4.  **When installing `onprem`, I’m getting errors related to
    `llama-cpp-python` on Windows/Mac/Linux?**

    > See [this LangChain documentation on
    > LLama.cpp](https://python.langchain.com/docs/integrations/llms/llamacpp)
    > for help on installing the `llama-cpp-python` package for your
    > system. Additional tips for different operating systems are shown
    > below:

    > For **Linux** systems like Ubuntu, try this:
    > `sudo apt-get install build-essential g++ clang`. Other tips are
    > [here](https://github.com/oobabooga/text-generation-webui/issues/1534).

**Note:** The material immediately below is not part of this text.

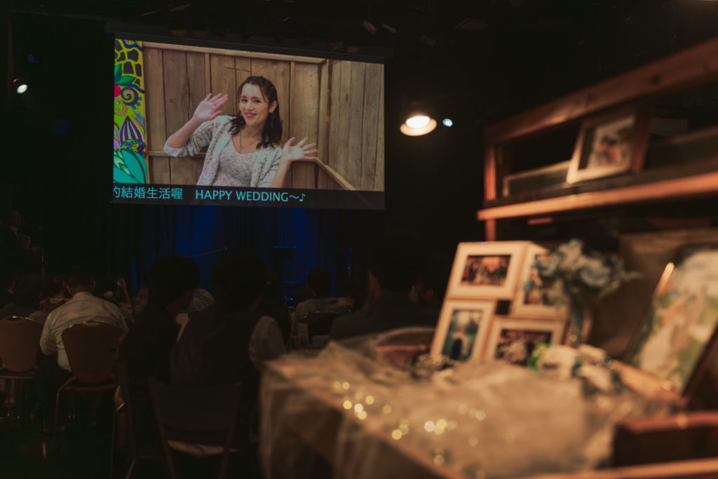 back numberの『高嶺の花子さん』の楽曲に合わせ、2人が初めて出会った頃の、back numberのMV撮影地巡りや、Anly台湾公演の思い出の写真が映し出された。イントロに合わせて新郎がエアーギターをするシーンでは、会場が笑いに包まれた。サビに入ったタイミングで新郎が「会いたいんだ 今すぐ その角から飛び出してきてくれないか」と歌い始めると、自然と手拍子が始まり会場が一つとなり、温かい空気に包まれた。ムービーの終わりに新婦手書きのイラストロゴが映し出されると、会場から大きな拍手が湧き起こり、その日を待ち侘びるみんなの想いがひしひしと伝わってくる。

    > For **Windows** systems, either use [Windows Subsystem for Linux
    > (WSL)](https://learn.microsoft.com/en-us/windows/wsl/install) or
    > install [Microsoft Visual Studio build
    > tools](https://visualstudio.microsoft.com/vs/older-downloads/) and
    > ensure the selections shown in [this
    > post](https://github.com/imartinez/privateGPT/issues/445#issuecomment-1561343405)
    > are installed. WSL is recommended.

    > For **Macs**, try following [these
    > tips](https://github.com/imartinez/privateGPT/issues/445#issuecomment-1563333950).

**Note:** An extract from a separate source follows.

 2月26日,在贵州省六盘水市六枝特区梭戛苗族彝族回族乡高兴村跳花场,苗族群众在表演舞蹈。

    > If you still have problems, there are various other tips for each
    > of the above OSes in [this privateGPT repo
    > thread](https://github.com/imartinez/privateGPT/issues/445). Of
    > course, you can also [easily
    > use](https://colab.research.google.com/drive/1LVeacsQ9dmE1BVzwR3eTLukpeRIMmUqi?usp=sharing)
    > **OnPrem.LLM** on Google Colab.

5.  **`llama-cpp-python` is failing to load my model from the model path
    on Google Colab.**

    > For reasons that are unclear, newer versions of `llama-cpp-python`
    > fail to load models on Google Colab unless you supply
    > `verbose=True` to the `LLM` constructor (which is passed directly
    > to `llama-cpp-python`). If you experience this problem locally,
    > try supplying `verbose=True` to `LLM`.